◆ DATA EXTRACTS
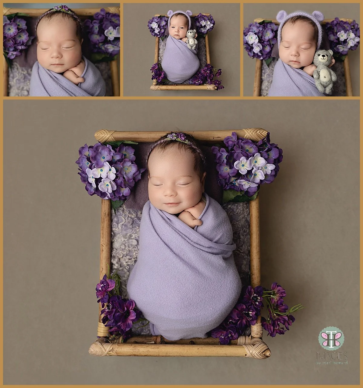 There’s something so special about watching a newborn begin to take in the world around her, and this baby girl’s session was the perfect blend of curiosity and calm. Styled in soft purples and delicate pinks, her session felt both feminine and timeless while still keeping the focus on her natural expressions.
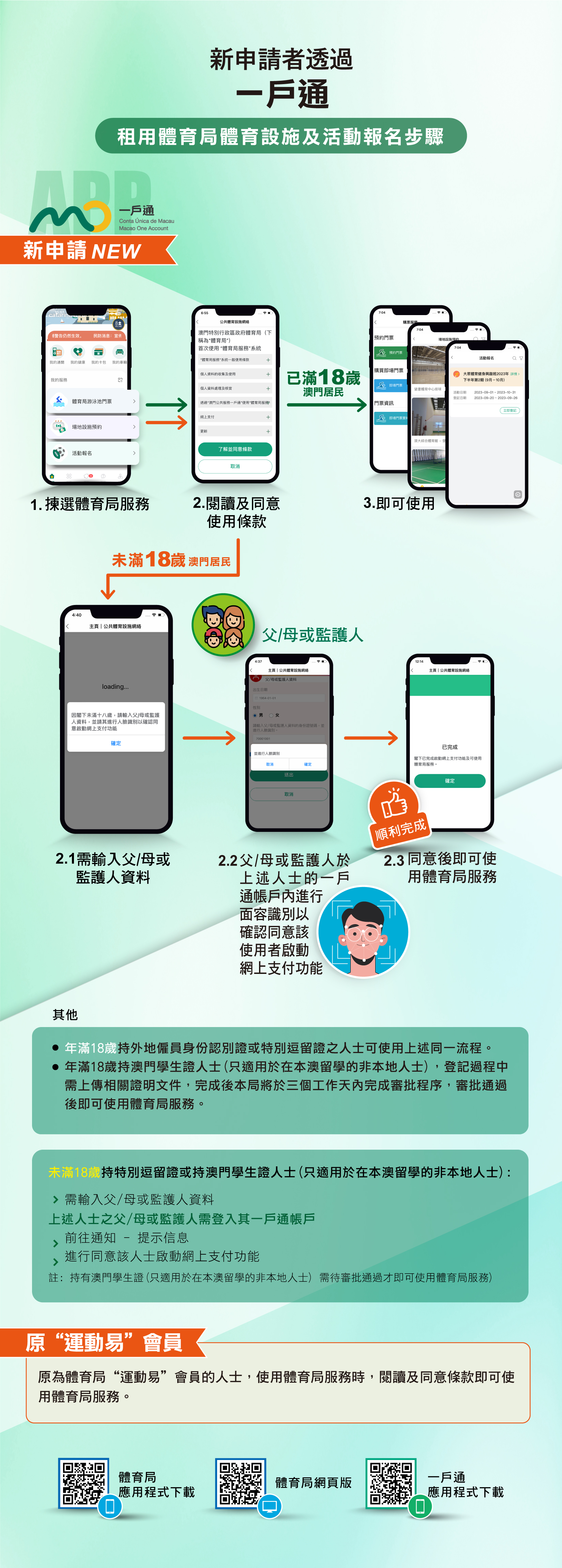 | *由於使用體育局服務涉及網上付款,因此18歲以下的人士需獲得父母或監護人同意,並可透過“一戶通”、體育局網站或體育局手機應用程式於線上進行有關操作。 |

==

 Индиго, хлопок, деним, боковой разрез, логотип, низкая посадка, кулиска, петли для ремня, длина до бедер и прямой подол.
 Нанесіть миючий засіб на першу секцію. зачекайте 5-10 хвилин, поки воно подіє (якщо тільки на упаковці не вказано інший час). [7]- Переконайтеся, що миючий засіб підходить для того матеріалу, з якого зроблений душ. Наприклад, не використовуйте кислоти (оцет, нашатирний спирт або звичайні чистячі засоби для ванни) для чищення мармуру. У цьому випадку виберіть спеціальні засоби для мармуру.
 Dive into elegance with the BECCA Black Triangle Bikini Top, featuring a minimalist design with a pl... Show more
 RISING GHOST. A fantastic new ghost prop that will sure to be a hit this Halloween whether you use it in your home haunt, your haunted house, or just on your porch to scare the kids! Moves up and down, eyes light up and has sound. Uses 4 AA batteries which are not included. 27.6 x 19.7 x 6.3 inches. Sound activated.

...

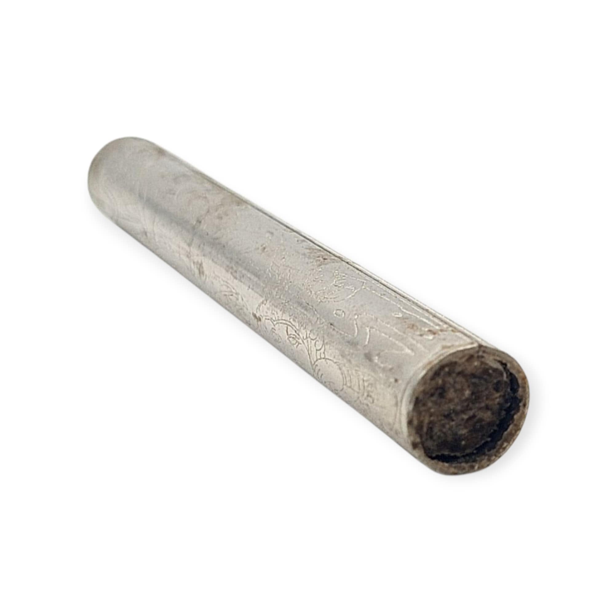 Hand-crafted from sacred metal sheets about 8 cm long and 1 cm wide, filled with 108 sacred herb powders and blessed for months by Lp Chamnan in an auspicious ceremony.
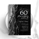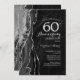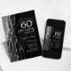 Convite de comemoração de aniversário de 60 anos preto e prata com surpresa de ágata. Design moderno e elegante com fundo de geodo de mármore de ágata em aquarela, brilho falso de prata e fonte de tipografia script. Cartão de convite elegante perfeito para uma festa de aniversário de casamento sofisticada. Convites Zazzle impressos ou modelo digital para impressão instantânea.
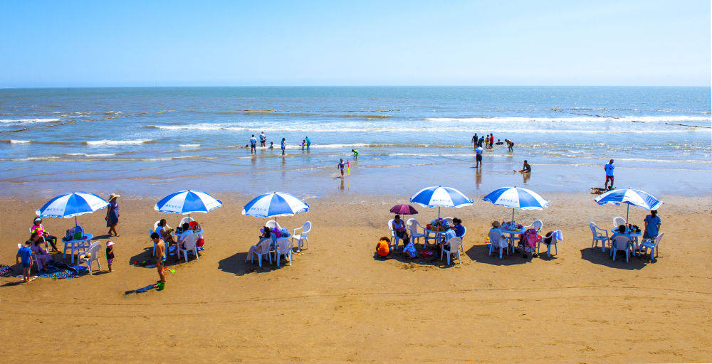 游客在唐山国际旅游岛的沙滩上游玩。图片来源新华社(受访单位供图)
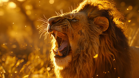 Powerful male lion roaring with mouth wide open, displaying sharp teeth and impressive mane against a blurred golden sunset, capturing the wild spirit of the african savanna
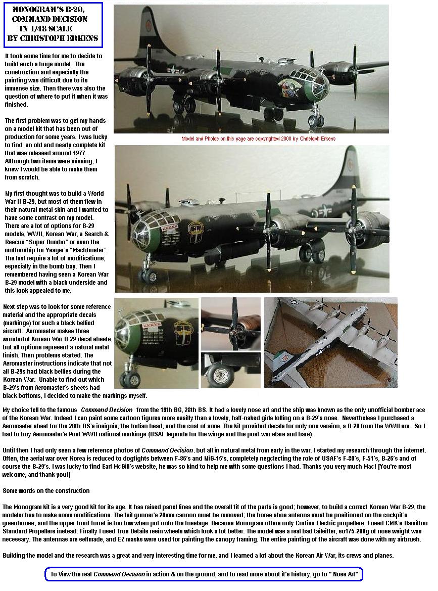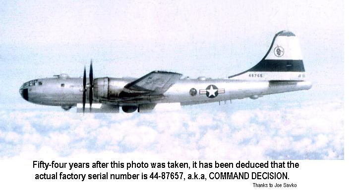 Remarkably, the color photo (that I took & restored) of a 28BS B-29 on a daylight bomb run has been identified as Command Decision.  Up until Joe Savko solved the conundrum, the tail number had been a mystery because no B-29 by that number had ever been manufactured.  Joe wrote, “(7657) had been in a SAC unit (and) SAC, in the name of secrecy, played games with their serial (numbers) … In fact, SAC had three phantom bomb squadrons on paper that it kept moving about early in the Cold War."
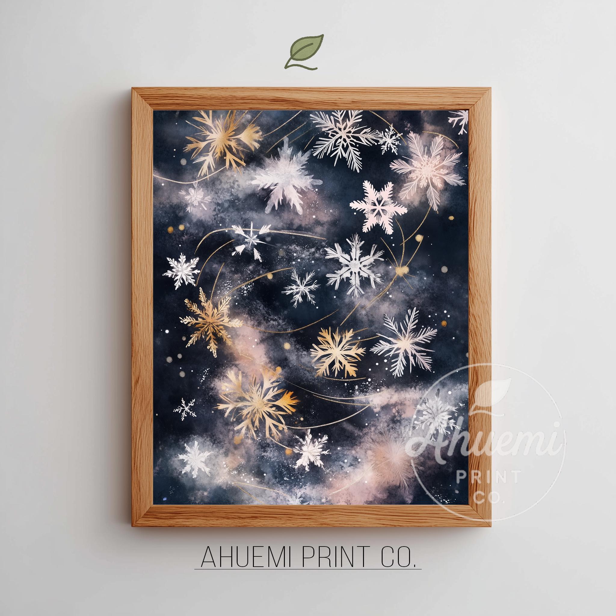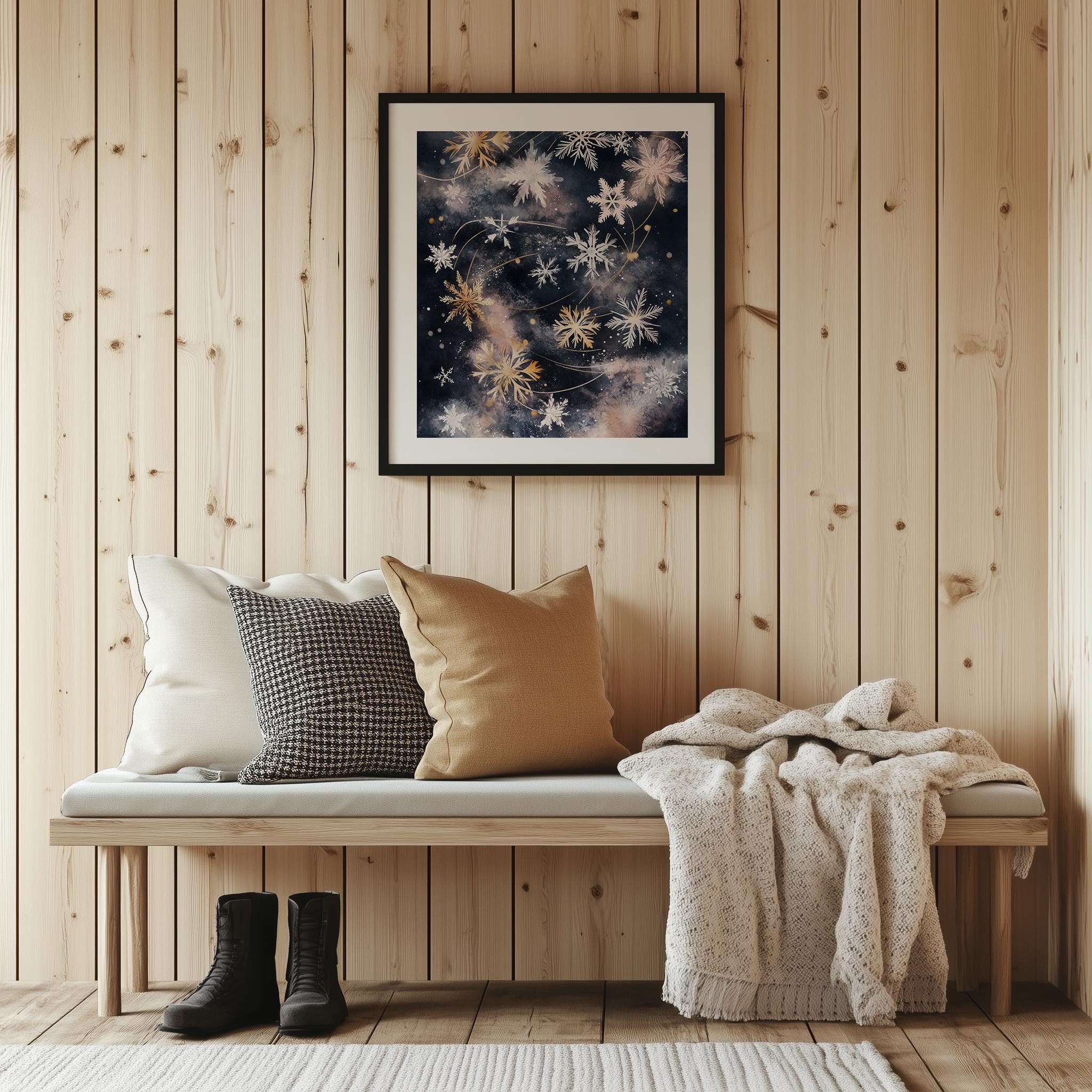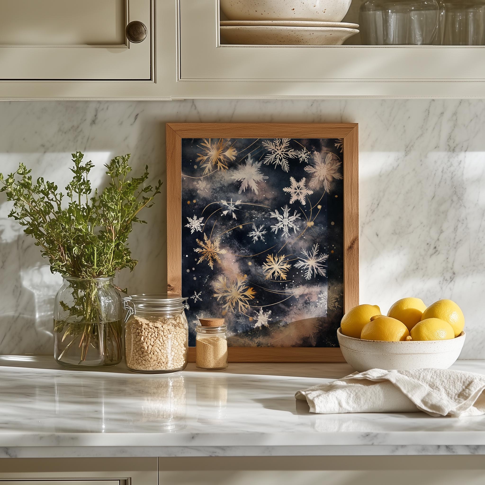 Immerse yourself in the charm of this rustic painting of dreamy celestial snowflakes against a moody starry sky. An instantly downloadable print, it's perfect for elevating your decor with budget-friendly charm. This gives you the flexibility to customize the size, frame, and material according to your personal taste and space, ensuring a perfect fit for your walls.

◆ EXERCISE REQUIREMENTS
Nothing but the lines above, starting at the line that contains "Remarkably, the color" and ending at the line that contains "Immerse yourself in", should be given again, exactly and without the pictures.

◆ ANSWER TO THIS EXERCISE
 Remarkably, the color photo (that I took & restored) of a 28BS B-29 on a daylight bomb run has been identified as Command Decision.  Up until Joe Savko solved the conundrum, the tail number had been a mystery because no B-29 by that number had ever been manufactured.  Joe wrote, “(7657) had been in a SAC unit (and) SAC, in the name of secrecy, played games with their serial (numbers) … In fact, SAC had three phantom bomb squadrons on paper that it kept moving about early in the Cold War."
 Immerse yourself in the charm of this rustic painting of dreamy celestial snowflakes against a moody starry sky. An instantly downloadable print, it's perfect for elevating your decor with budget-friendly charm. This gives you the flexibility to customize the size, frame, and material according to your personal taste and space, ensuring a perfect fit for your walls.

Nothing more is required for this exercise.